Mary Hockenbery (reddirtrose)

cirque2

This used to be what passed for magic. Not the beautiful lady who who juggles with fire, though indeed there might be magic there. Nor do I mean the stilt walker, who perhaps is actually only an awkwardly tall guy, or a tall guy who embraced his endlessly bumped head by learning how to stilt walk too. I don’t mean the clowns, though there is doubtlessly dark magic in the way a clown steals innocence from a child’s laughter.

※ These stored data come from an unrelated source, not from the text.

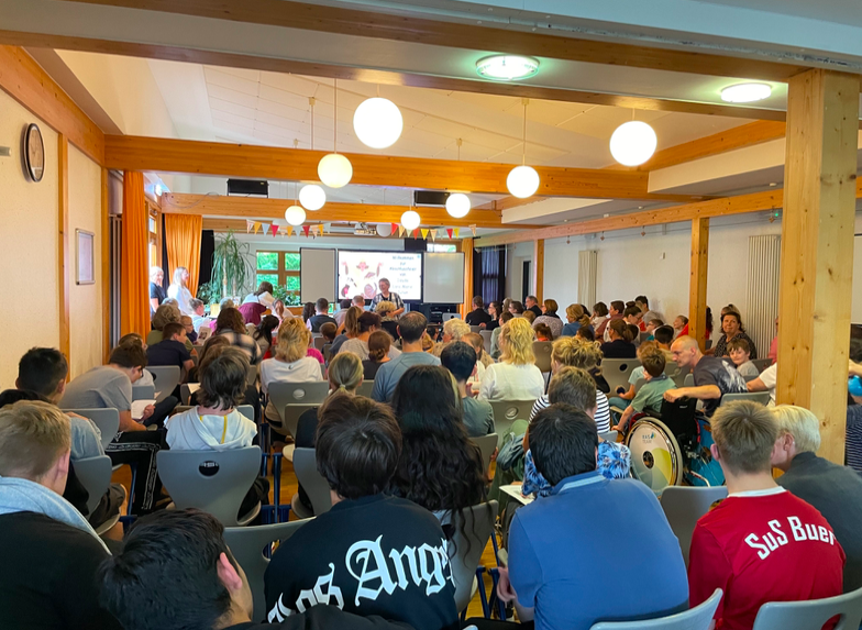 Am letzten Freitag vor den Sommerferien verabschieden sich dann in einer kleinen Feierstunde alle Klassen von den Abschlussschülern in der Aula. Neben verschiedenen Beiträgen aus den Klassen werden auch Reden gehalten! Unser Schulleiter Herr Dr. Mittelberg übergibt zum Abschluss der Feier die Zeugnisse. Im Anschluss treffen sich dann die Lehrkräfte und die Abschlussschüler zu einem kleinen Imbiss.
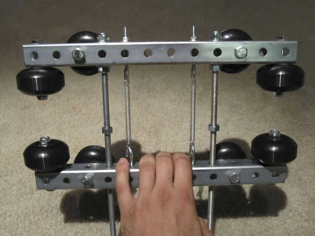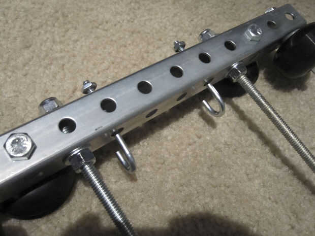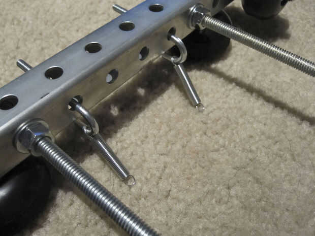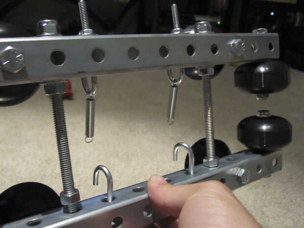 b. nuevo carril: Coloque los ganchos de J en una orientación similar, dejando un agujero en cada lado para el hilo de todos ir a través. La parte del gancho debe estar en el mismo lado que las ruedas principales.
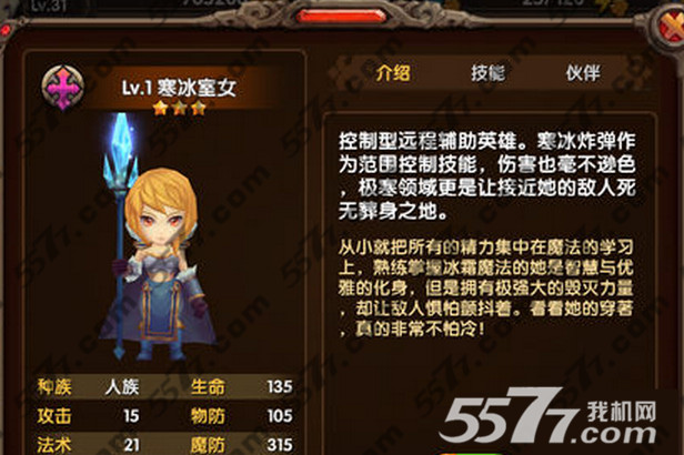 寒冰室女的角色定位为辅助型,但她的控制能力也不比烈焰魔女来的差,两人的交替发挥将使对手一刻也不能逃离我们的手掌心!
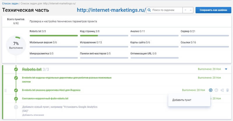 После того как сайт сделан, чекаем его на корректность технической части, так как только “технически здоровый” сайт будет расти в поиске. Для этого воспользуемся чек-листом в личном кабинете Serpstat. Переходим «Список задач — Добавить список задач». В открывшемся окне выбираем шаблон «Техническая часть».

I remember the magic from years ago; my fingers are cold and stiff this morning, as they clack over this keyboard. I remember how the circus came each and every year, out nowhere and nothingness. I never saw it arrive. It came as the the conkers were falling from horse chestnut trees, and the ground was churning up to mud. It came with the scent of dead leaves and apples, it gave a fritz of electricity and popcorn. It came to common ground; the green where for centuries ordinary people had staked a claim to everyday matters, the common things, grazing livestock, trading hops, exercising dogs. It made nightfall come earlier, it made my cold breath a spooky mist, it made the circling trees a barricade that kept the mundane at bay.

Magic for two nights or maybe three, magic with fire and beauty, sequins and clowns. I never saw it leave, it was just gone, and left a looming winter.